Да, от новых приключений захватывает дух. Но, как и на любых американских горках, у них должен быть конец. И я боялась, что моя история закончится в морге раньше, чем хотелось.
На его лице не было никаких эмоций, когда я рассказывала об умершем парне. Боже, парнишке было не больше, чем Адриано. За пустым взглядом могла скрываться кровожадность. Мне не следовало слушать его, и тем более доверять ему. Но верить случаю и надеяться на простое разрешение ситуации было глупо. Сегодня мне вновь угрожали пистолетом. Но по крайней мере Алехандро чувствует себя обязанным и предлагает защиту.

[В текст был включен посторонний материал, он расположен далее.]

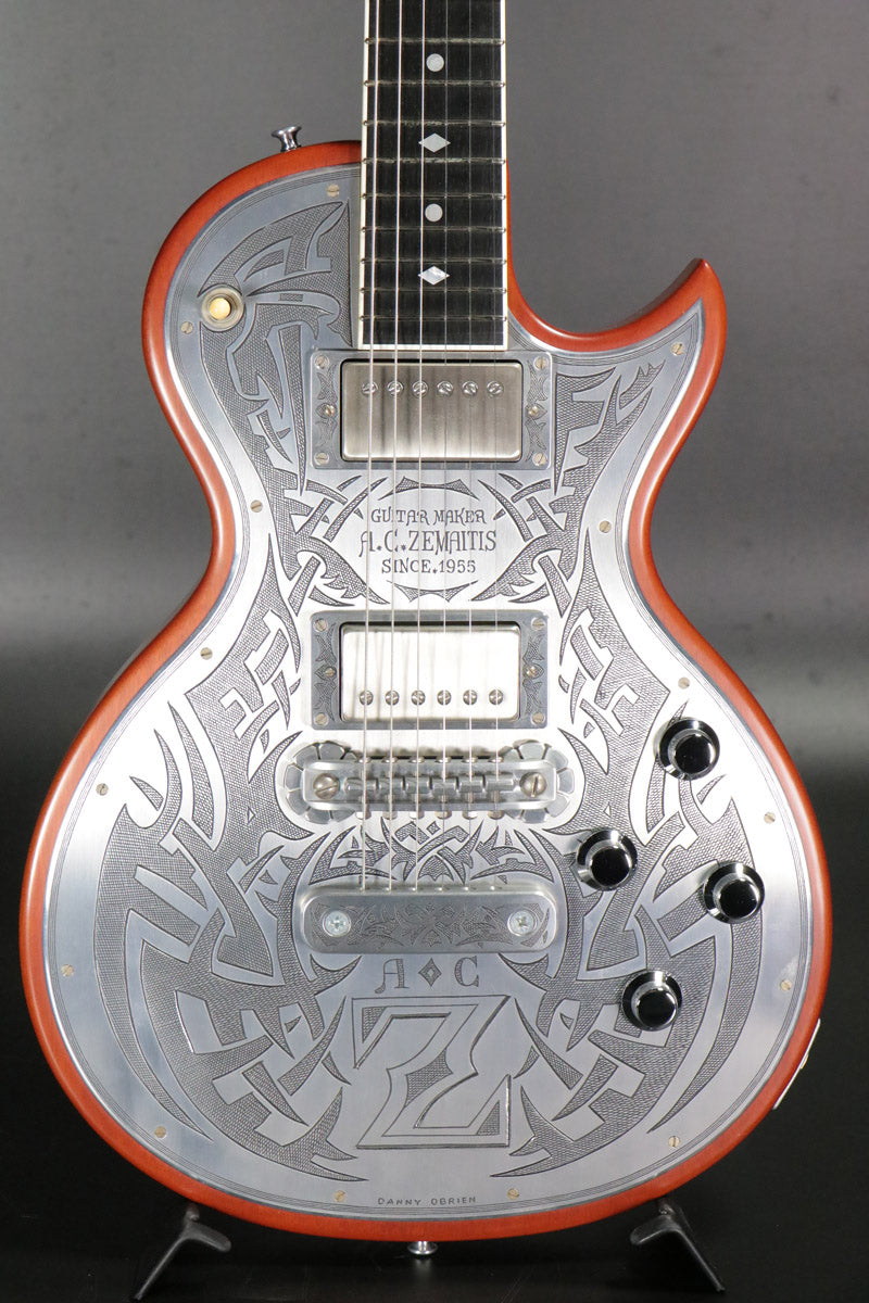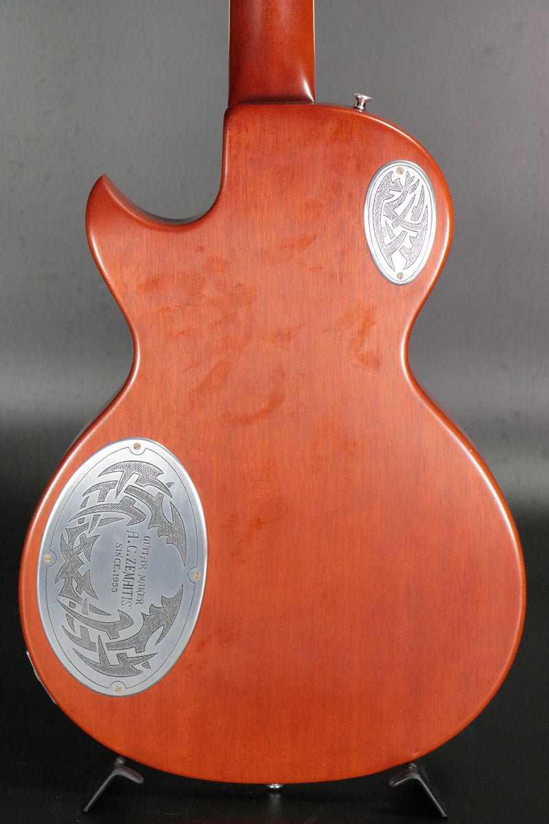 Zemaitis Custom Shop is a limited edition of Zemaitis Custom Shop, which is made by craftsmen who inherited the will of Tony Zemaitis, the founder of Zemaitis. It is an individual of Tony's Collection. The metal front with tribal ingrave pattern on the top plate of the body. This model is from the early period of near handmade production, with Honduran mahogany 3P body, Honduran mahogany neck, and ebony fretboard material. The pickups are made by DiMaggio, and the specifications of this model are closer to the original than those of the higher-end models produced in recent years.
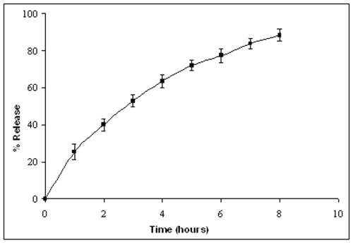 In order to study the stability of FITC-Dex loaded pullulan nanoparticles (crosslinked with glutaraldehyde) from the aqueous dispersion system, the release of drug from nanoparticles was measured in the phosphate buffered saline (PBS). Results from figure-3 showed that the release of drug from nanoparticles increased with time with 75% of FITC-Dex released in 6 hours, while only 40% of the drug was released in initial 2 hours.

Успокойся, ты всегда можешь уйти. Ты не совершала ничего противозаконного, ну почти. И тебя здесь ничего не держит. Почти. Не считая непонятной привязанности к одному брату и непреодолимой тяги к другому.
– Мисс…
– Пожалуйста, зовите меня Хлоя, – не хватало еще, чтобы женщина, старше моей матери, обращалась ко мне официально.
– Хлоя, – пожалуй, ей так тоже больше нравится, – Я знаю этих мальчишек с детства, и рискну заявить, что провела с ними больше времени, чем их родные родители. Они живут в мире, которого не выбирали, но хорошо уживаются в нем. Скажем честно, если уж вы попали в эту историю, выбраться будет сложно, – ком встал в горле от ее проницательности, – У меня нет причин вам врать. Держитесь за этих мальчиков, и возможно, через пару лет, вы поблагодарите Бога за этот поворот судьбы.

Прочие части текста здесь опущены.